- Opening Delimiter -

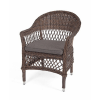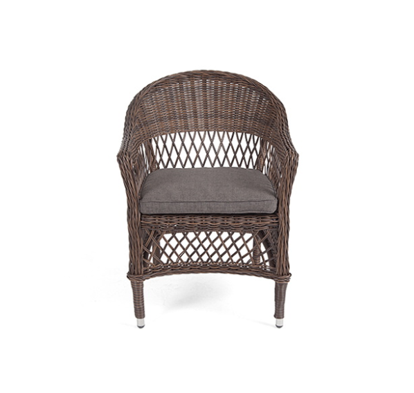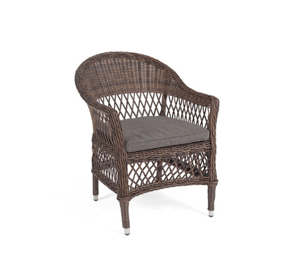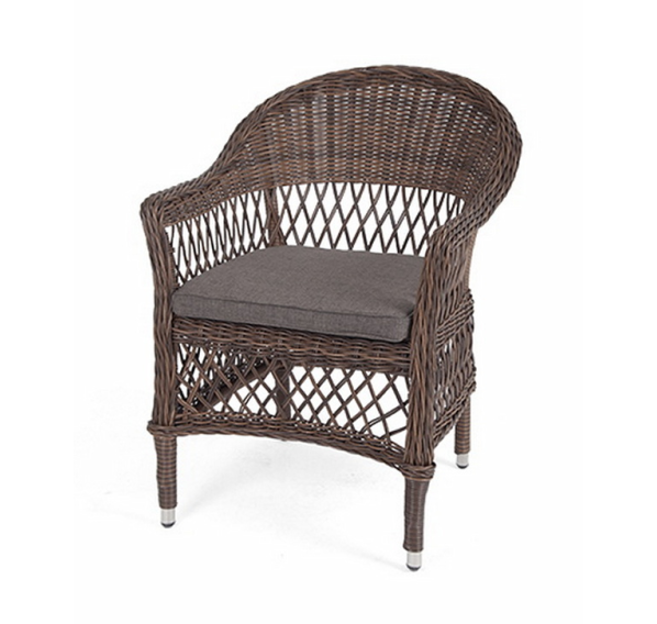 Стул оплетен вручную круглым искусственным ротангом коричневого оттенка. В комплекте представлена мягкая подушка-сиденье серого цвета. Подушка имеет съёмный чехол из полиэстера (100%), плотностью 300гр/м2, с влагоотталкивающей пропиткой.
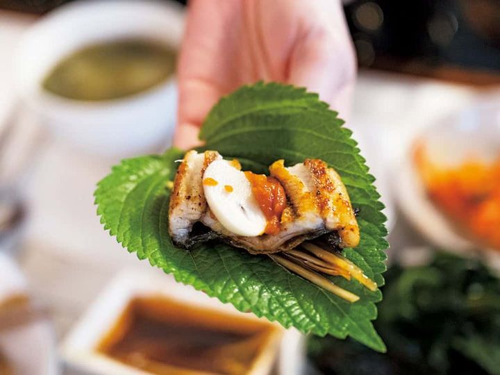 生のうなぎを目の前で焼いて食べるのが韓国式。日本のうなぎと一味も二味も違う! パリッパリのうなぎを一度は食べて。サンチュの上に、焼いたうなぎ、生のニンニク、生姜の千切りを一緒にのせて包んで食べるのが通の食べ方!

- Closing Delimiter -
- Opening Delimiter -

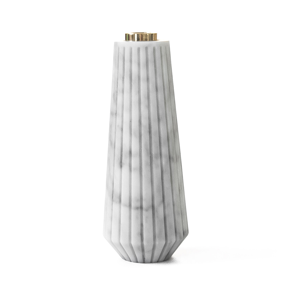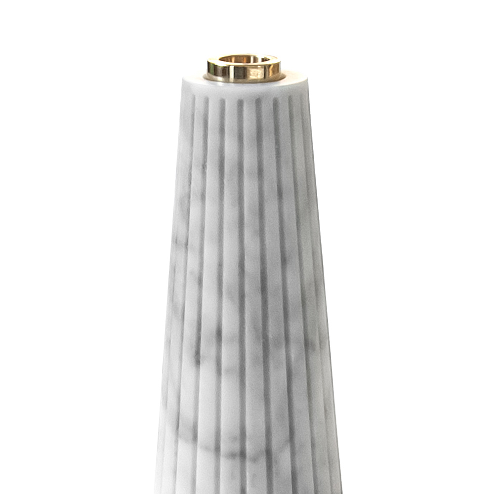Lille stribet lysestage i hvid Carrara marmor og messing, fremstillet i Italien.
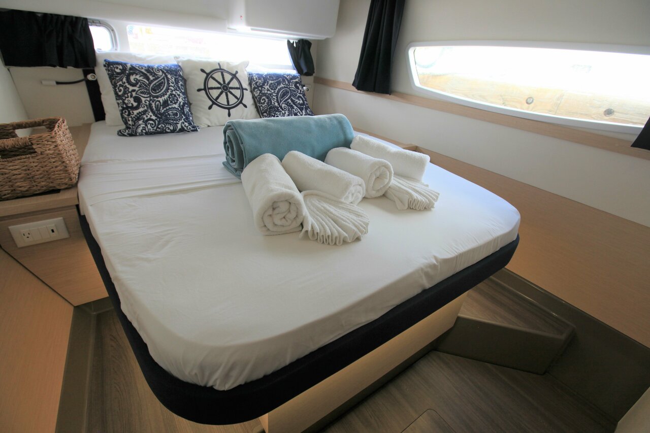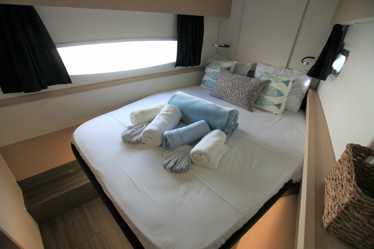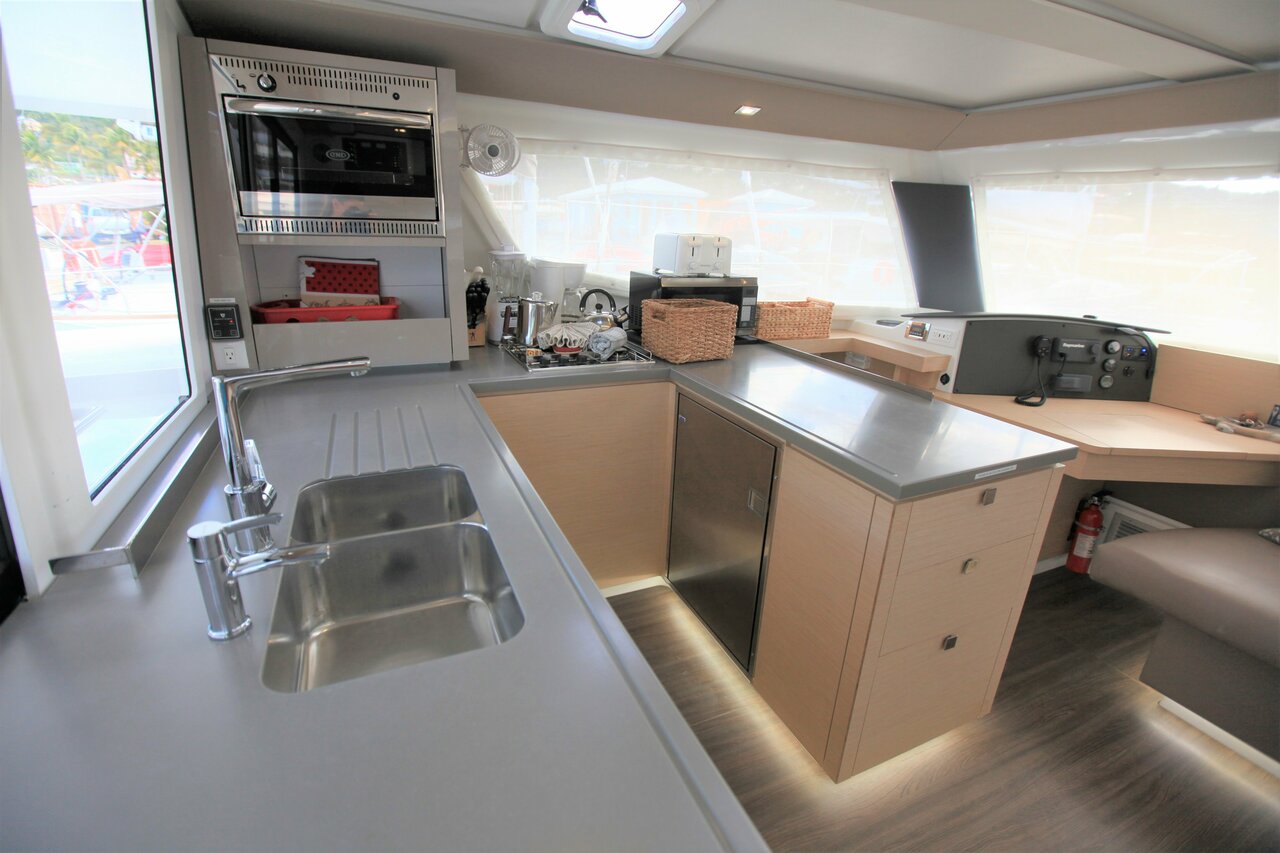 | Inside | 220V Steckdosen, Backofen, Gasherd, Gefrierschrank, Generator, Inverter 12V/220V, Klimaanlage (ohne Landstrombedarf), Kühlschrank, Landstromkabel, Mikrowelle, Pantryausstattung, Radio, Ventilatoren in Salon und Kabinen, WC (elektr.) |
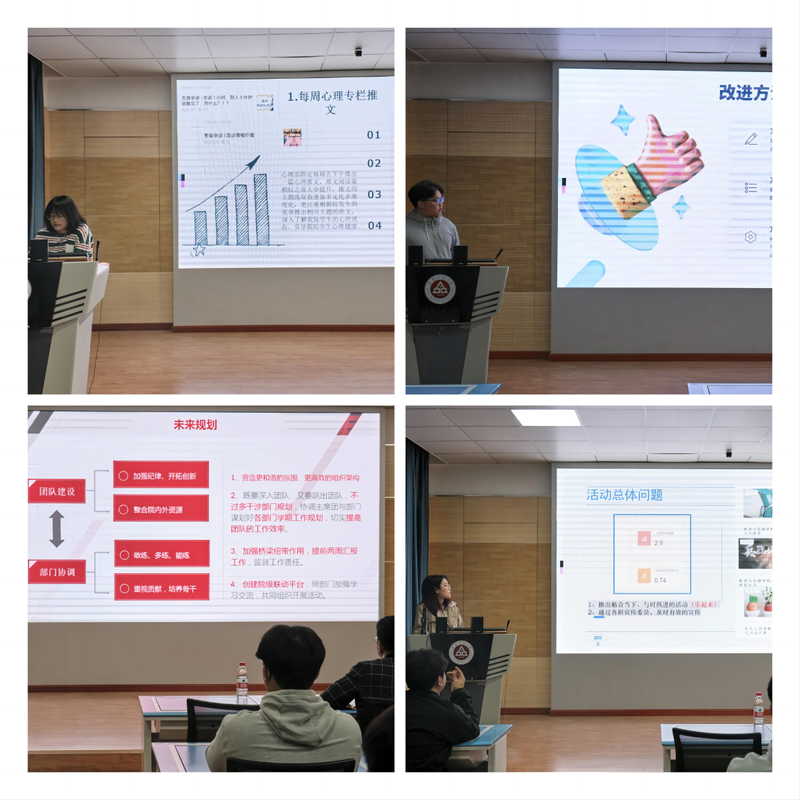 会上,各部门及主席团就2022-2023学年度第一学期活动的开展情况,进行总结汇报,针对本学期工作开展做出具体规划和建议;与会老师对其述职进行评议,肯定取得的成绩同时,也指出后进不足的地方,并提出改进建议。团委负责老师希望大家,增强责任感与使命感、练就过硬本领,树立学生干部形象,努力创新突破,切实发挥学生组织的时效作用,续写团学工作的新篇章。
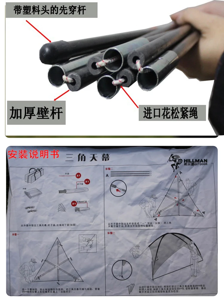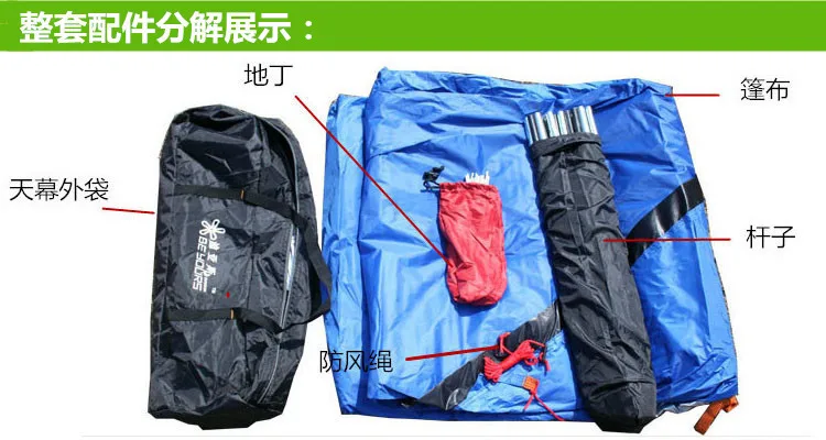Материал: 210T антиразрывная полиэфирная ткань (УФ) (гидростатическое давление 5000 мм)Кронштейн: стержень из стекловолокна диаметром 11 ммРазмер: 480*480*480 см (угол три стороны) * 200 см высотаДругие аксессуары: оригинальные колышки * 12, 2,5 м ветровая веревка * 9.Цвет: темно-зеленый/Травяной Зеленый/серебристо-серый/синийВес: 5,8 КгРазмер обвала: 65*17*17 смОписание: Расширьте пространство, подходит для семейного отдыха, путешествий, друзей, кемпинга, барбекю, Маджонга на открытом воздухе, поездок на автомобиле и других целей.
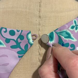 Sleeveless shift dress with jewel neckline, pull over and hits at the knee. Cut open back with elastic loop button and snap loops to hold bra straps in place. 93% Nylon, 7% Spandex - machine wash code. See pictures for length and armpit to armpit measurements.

- Closing Delimiter -
- Opening Delimiter -

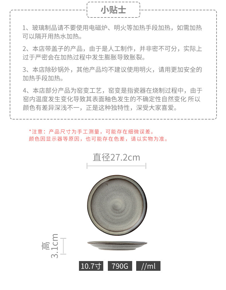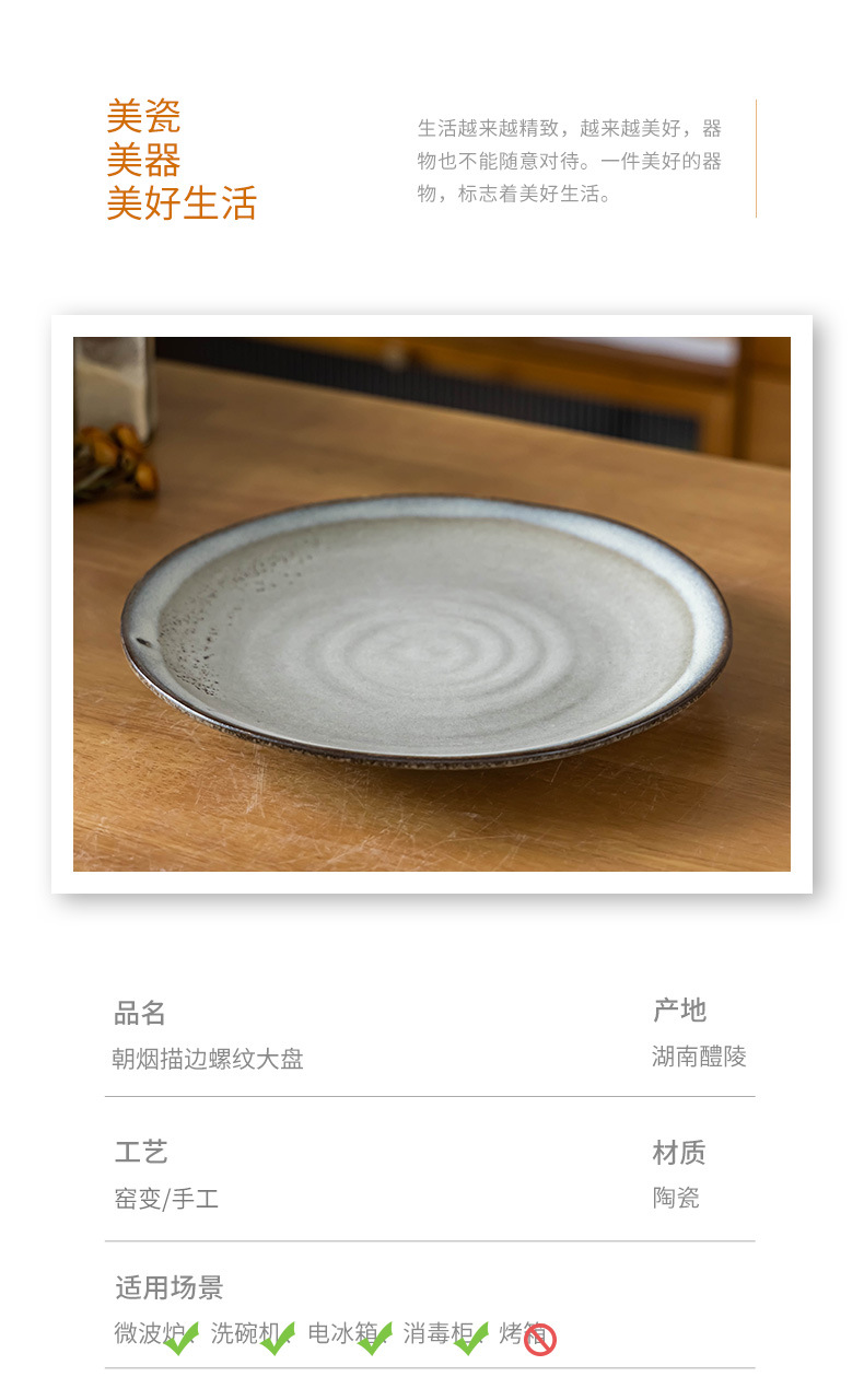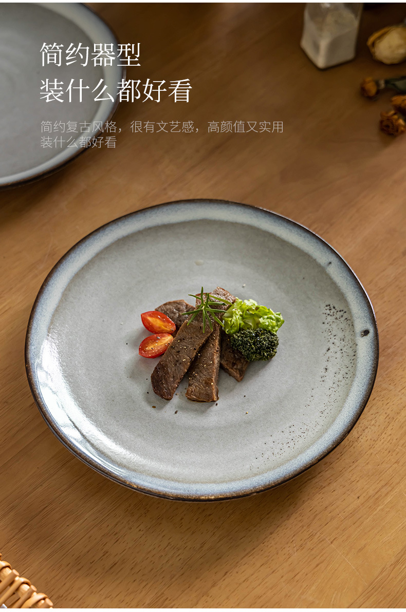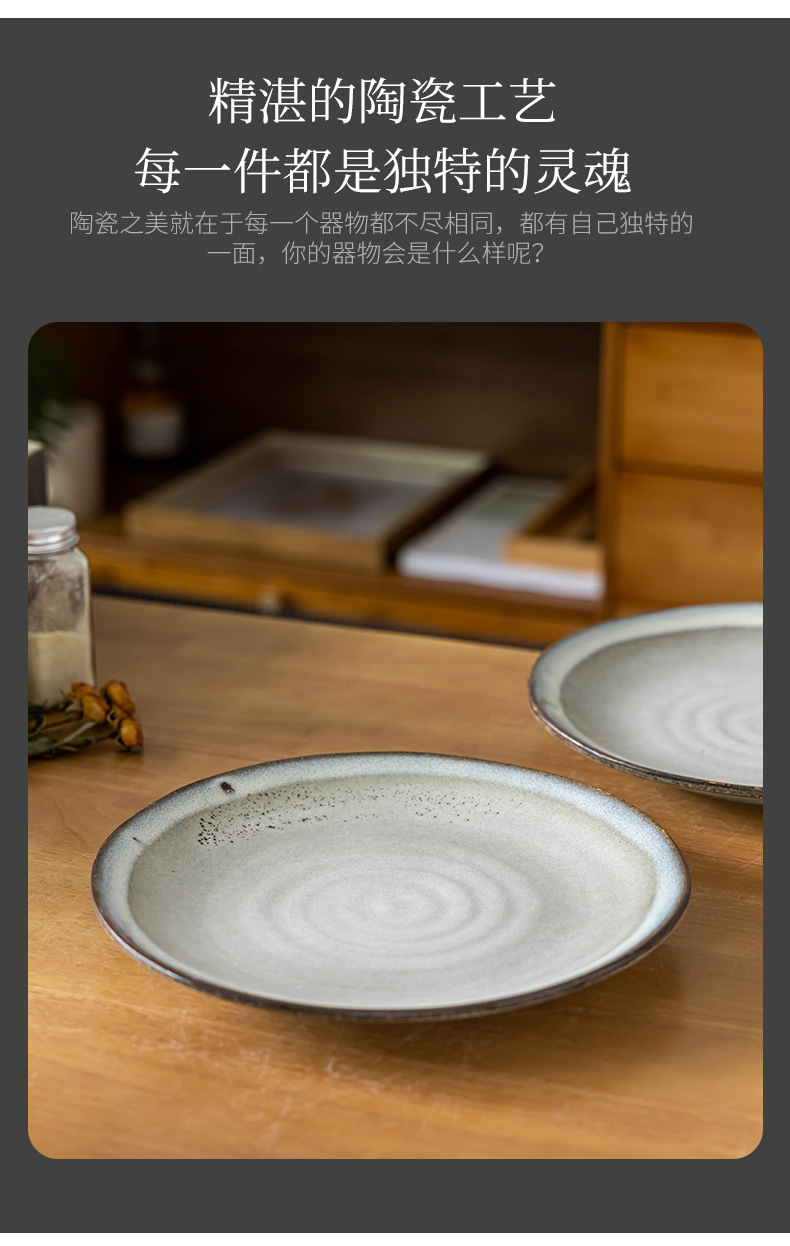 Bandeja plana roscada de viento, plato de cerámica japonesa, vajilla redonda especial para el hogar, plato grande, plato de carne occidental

- Closing Delimiter -

EXERCISE INSTRUCTIONS:
Look above for the line with "WC (elektr.) |" and the line with "会上,各部门及主席团就202", then copy exactly the lines from the first through the second, both kept, with no pictures.

RESPONSE:
 | Inside | 220V Steckdosen, Backofen, Gasherd, Gefrierschrank, Generator, Inverter 12V/220V, Klimaanlage (ohne Landstrombedarf), Kühlschrank, Landstromkabel, Mikrowelle, Pantryausstattung, Radio, Ventilatoren in Salon und Kabinen, WC (elektr.) |
 会上,各部门及主席团就2022-2023学年度第一学期活动的开展情况,进行总结汇报,针对本学期工作开展做出具体规划和建议;与会老师对其述职进行评议,肯定取得的成绩同时,也指出后进不足的地方,并提出改进建议。团委负责老师希望大家,增强责任感与使命感、练就过硬本领,树立学生干部形象,努力创新突破,切实发挥学生组织的时效作用,续写团学工作的新篇章。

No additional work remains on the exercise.